United have already signed former Manchester City youngster Jadon Sancho to add another dimension to their attack, and have now agreed to sign Real Madrid's defender Raphael Varane.

The theory among Reds is that Varane will have the same impact that Virgil Van Dijk had on Liverpool and that Ruben Dias had on City. He's a world-class defender that United need, having finished a distant second to City last season.

MEN Sport understands Varane will join United in a deal worth just under €50m, and that the Frenchman has already been studying how he can improve their shaky defence. On paper, it's a superb bit of business for a player who has won everything - and a transfer that should concern City.

And in practice, he feels like a perfect addition for United, and one that should see Ole Gunnar Solskjaer's side finally get a solid defence that should allow their attack to thrive. They're not a completely balanced side, even still, but have given themselves a better chance of getting closer to City.

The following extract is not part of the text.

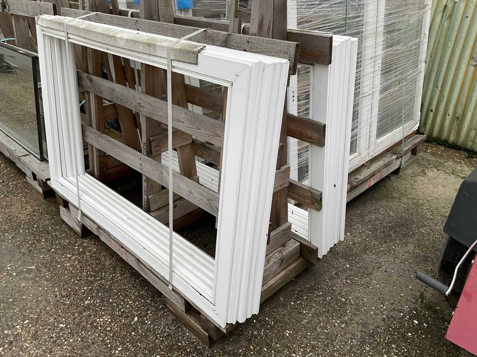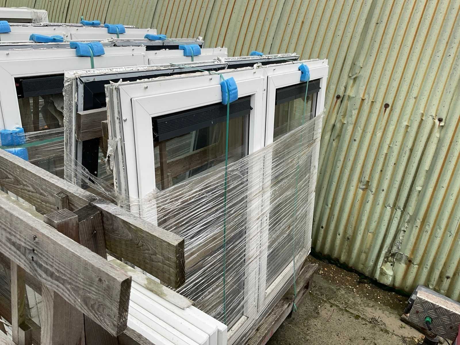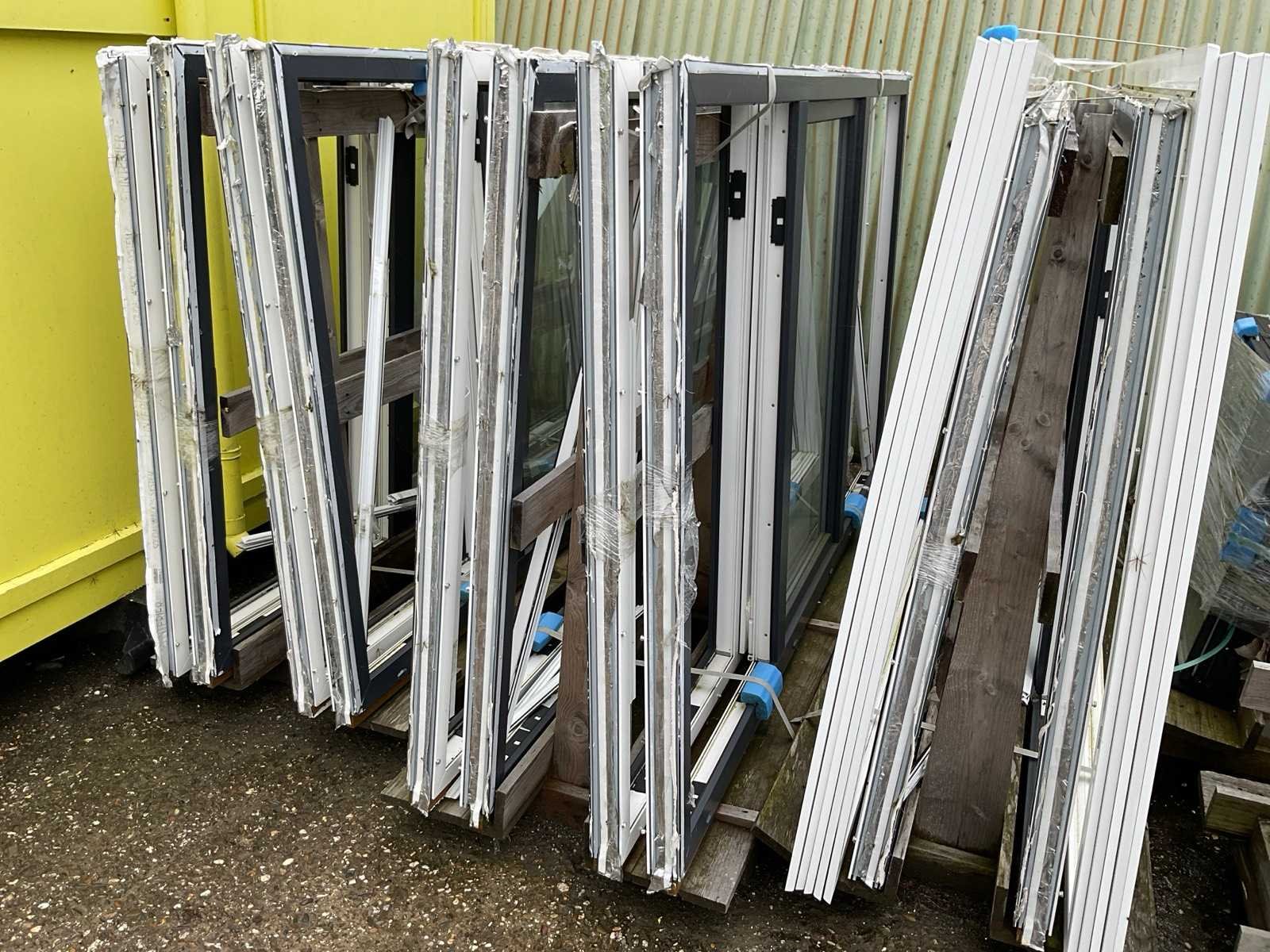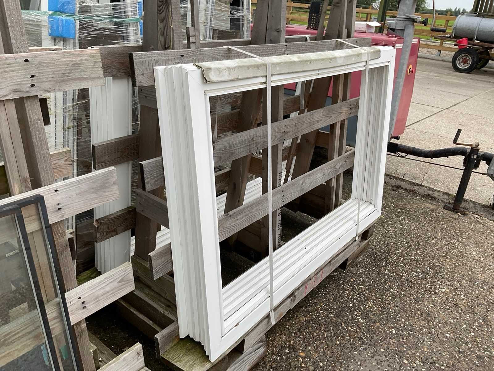 Betreft 9 bokken met kozijnen en glas, antraciet en wit, 2x bok met 8x 2470x1500x70mm met in het midden draaikantel raam, beide zijramen hebben geen glas, 1x bok met 2x 2470x1500x70mm idem als de vorige met 10 witte afdeklijsten, 1x bok met 10x glas voor de vorige kozijnen, 3x bok met 6x 1800x1500x70mm kozijnen voorzien van draairamen met glas, 1x bok met 20 witte afdeklijsten, bok met 2x glas Stomp: true
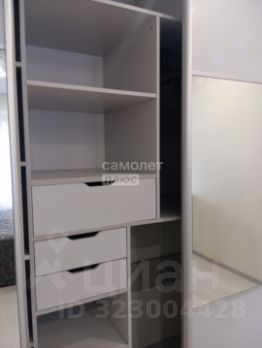 просторная прихожая с зеркалом и модульным шкафом для хранения;

However, as much a statement as signing Varane will be from United, City won't be too concerned - and not just in light of his two shocking performances against the Blues in 2020.

Plenty of comparisons will be made with Ruben Dias, but a look at both players' performances last season suggest the City man just edged a number of key metrics for defenders.

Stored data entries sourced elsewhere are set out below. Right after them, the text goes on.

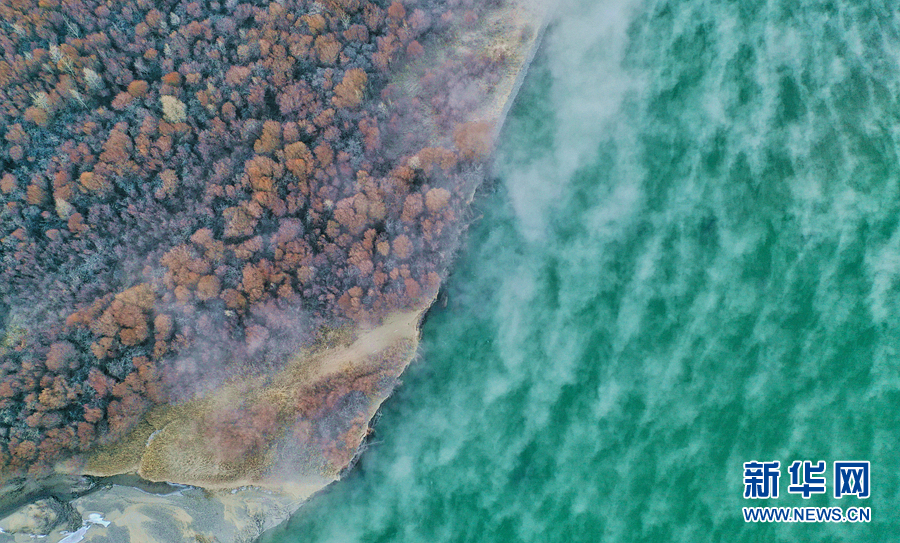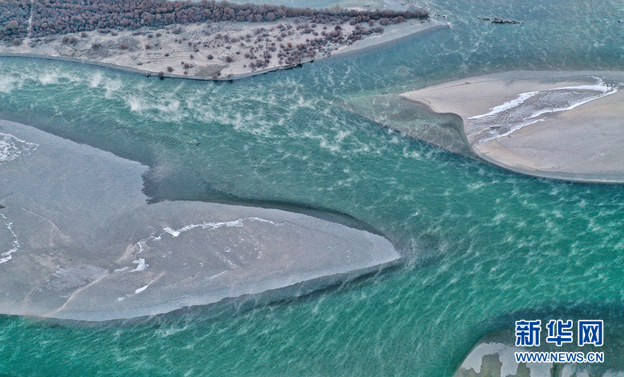 1月2日無人機拍攝的貴德縣千姿湖濕地公園。新華網(wǎng) 宋忠勇 攝
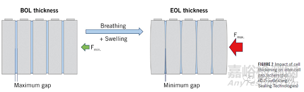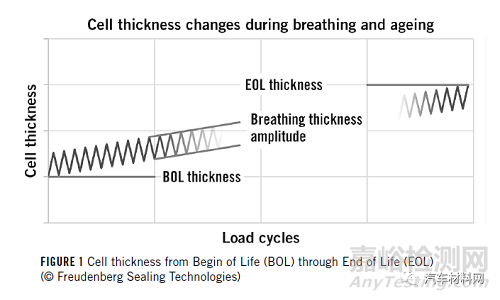 電池間隔層的一個重要功能是柔性機械預(yù)載。除了由電池充放電循環(huán)引起的可逆體積變化之外,電池還會出現(xiàn)由于老化而變厚的現(xiàn)象,稱為膨脹。結(jié)合這兩種效應(yīng),電池厚度可以用鋸齒形曲線來描述,如圖1。鋸齒形的幅度取決于例如電池的總厚度和陽極的硅含量。
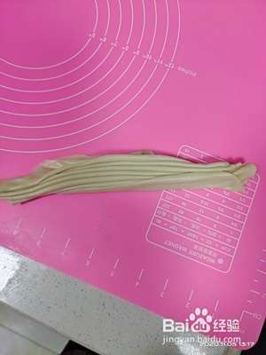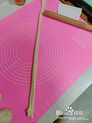 抓住两头,把面慢慢拉长,要慢一点拉,一点一点拉长
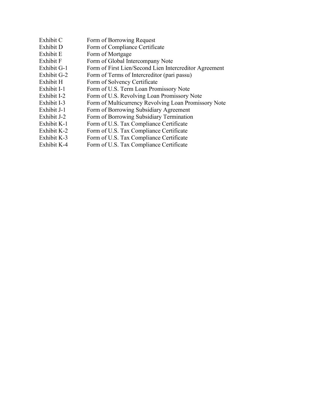 Exhibit C Form of Borrowing Request Exhibit D Form of Compliance Certificate Exhibit E Form of Mortgage Exhibit F Form of Global Intercompany Note Exhibit G-1 Form of First Lien/Second Lien Intercreditor Agreement Exhibit G-2 Form of Terms of Intercreditor (pari passu) Exhibit H Form of Solvency Certificate Exhibit I-1 Form of U.S. Term Loan Promissory Note Exhibit I-2 Form of U.S. Revolving Loan Promissory Note Exhibit I-3 Form of Multicurrency Revolving Loan Promissory Note Exhibit J-1 Form of Borrowing Subsidiary Agreement Exhibit J-2 Form of Borrowing Subsidiary Termination Exhibit K-1 Form of U.S. Tax Compliance Certificate Exhibit K-2 Form of U.S. Tax Compliance Certificate Exhibit K-3 Form of U.S. Tax Compliance Certificate Exhibit K-4 Form of U.S. Tax Compliance Certificate
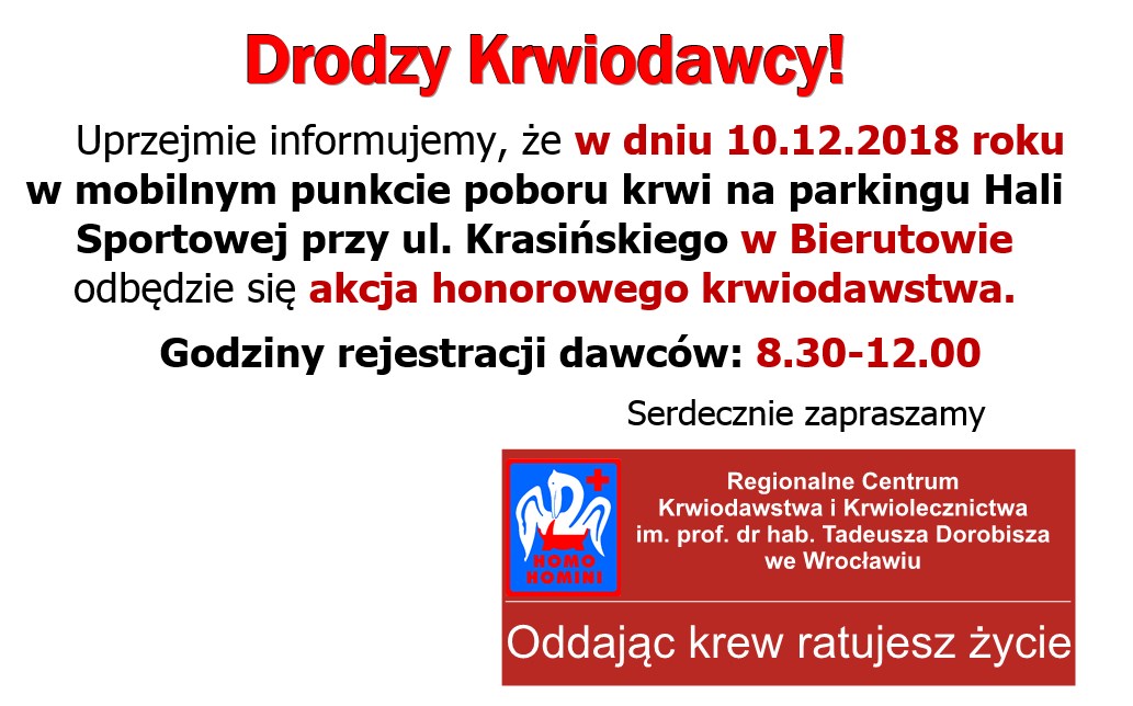 07.12.2018 » Zapraszamy na akcję krwiodawstwa do Bierutowa - 10.12.2018 r.

In all competitions last season, Dias made more blocks (0.6 per game) and tackles (0.9pg) than Varane (0.5 and 0.7), although the Frenchman bettered City's no.3 in terms of interceptions (1.1 per game versus 1.0) and clearances (3.6 vs 3.0).

Given United's relative struggles in defence last season, especially at set pieces, they will be encouraged by his 76 per cent aerial success rate with 2.2 challenges won in the air per game from 2.9 attempted. Dias attempted more aerial duels (3.2) but won only 61.3 per cent of those (2.0 per game).

This is why Varane is better suited for United than he would have been for City.

At the Etihad, a defender is asked to start attacks from the back and be as good in possession as anyone else in the XI. Dias last season attempted more passes per game (79.8 compared to 59), with a higher pass success rate (92.6 per cent against Varane's 90.2).

Varane might have achieved more accurate long balls than Dias, but the City man completed a significant 70.1 short passes per game while Varane completed just 49.3. Dias also lost possession fewer times per game than Varane, showing his importance to City's style.

In short, as much as Dias came in and adapted to City's style - City adapted to him as well.

They partnered him with John Stones more than they did with Aymeric Laporte and it brought out the best in both and complemented each other's games as much as possible. When United get to work with Varane, they could do worse than remember that they must work on finding the perfect partner for him.

The statistics show Varane will offer United a more no-nonsense approach to defending, which will be required at Old Trafford. And given Varane's slight weaknesses with the ball at his feet, they will have to find a way to ensure that doesn't become costly.

Depending on how Ole Gunnar Solskjaer's defenders work together, that might mean making some difficult selection calls like City had to make with Laporte - however obvious the first choice partnership might look at first.